• [TASK ITEM]: Please, without the pictures, retype exactly the lines from the start of the material through the line that holds "The proposed methodology".

(THE DATA)

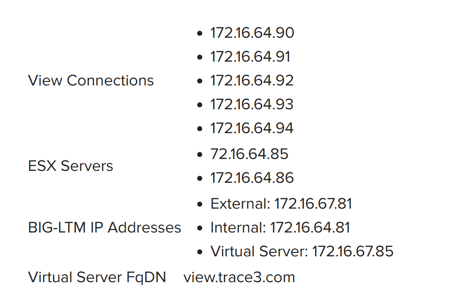 For this purpose, there were 2 VLANS configured-an internal-facing VLAN for network connections to the back-end View Connection Servers and an external-facing VLAN for client connections. Two self-IP addresses were configured and assigned to each VLAN. While this demonstration environment used the default certificates, for a full production deployment of VMware View on FlexPod, procurement of an SSL certificate from a certificate authority is recommended.
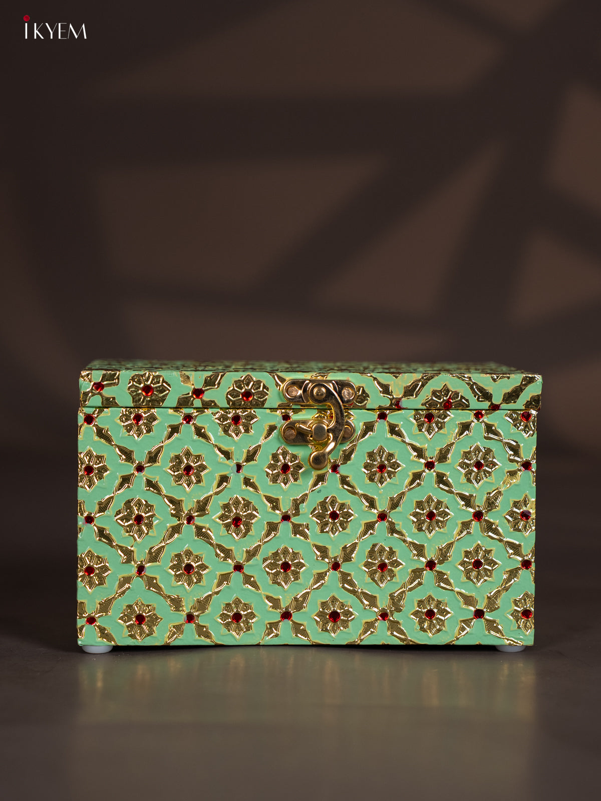 - Crafted with intricate Meenakari artistry and a sturdy wooden frame finished in elegant Green, this box combines beauty with functionality.
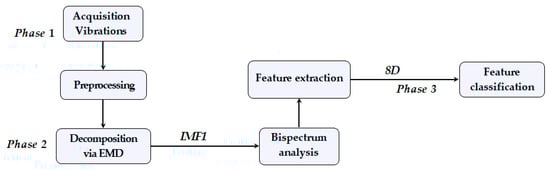 The proposed methodology systematically processes vibration signals through five key stages: (1) acquisition and preprocessing, (2) adaptive signal decomposition, (3) higher-order spectral analysis, (4) discriminative feature extraction, and (5) feature classification.
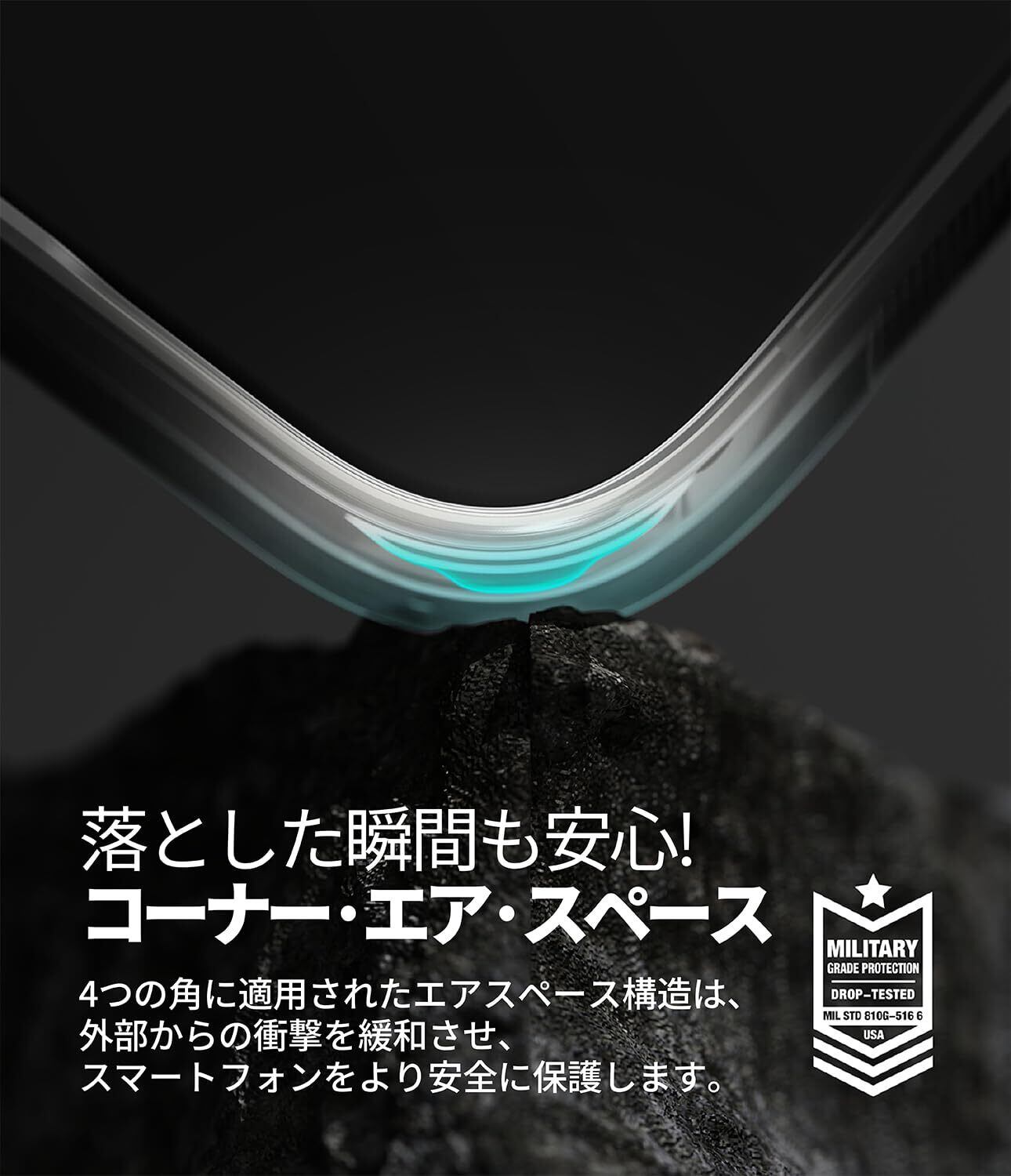【エアスペース設計】衝撃を吸収する角部分のエアスペース設計とクショニングを考慮した高弾性素材技術でスマートフォンを強力に保護します。

(End THE DATA)

• [EXERCISE RESULT]:
 For this purpose, there were 2 VLANS configured-an internal-facing VLAN for network connections to the back-end View Connection Servers and an external-facing VLAN for client connections. Two self-IP addresses were configured and assigned to each VLAN. While this demonstration environment used the default certificates, for a full production deployment of VMware View on FlexPod, procurement of an SSL certificate from a certificate authority is recommended.
 - Crafted with intricate Meenakari artistry and a sturdy wooden frame finished in elegant Green, this box combines beauty with functionality.
 The proposed methodology systematically processes vibration signals through five key stages: (1) acquisition and preprocessing, (2) adaptive signal decomposition, (3) higher-order spectral analysis, (4) discriminative feature extraction, and (5) feature classification.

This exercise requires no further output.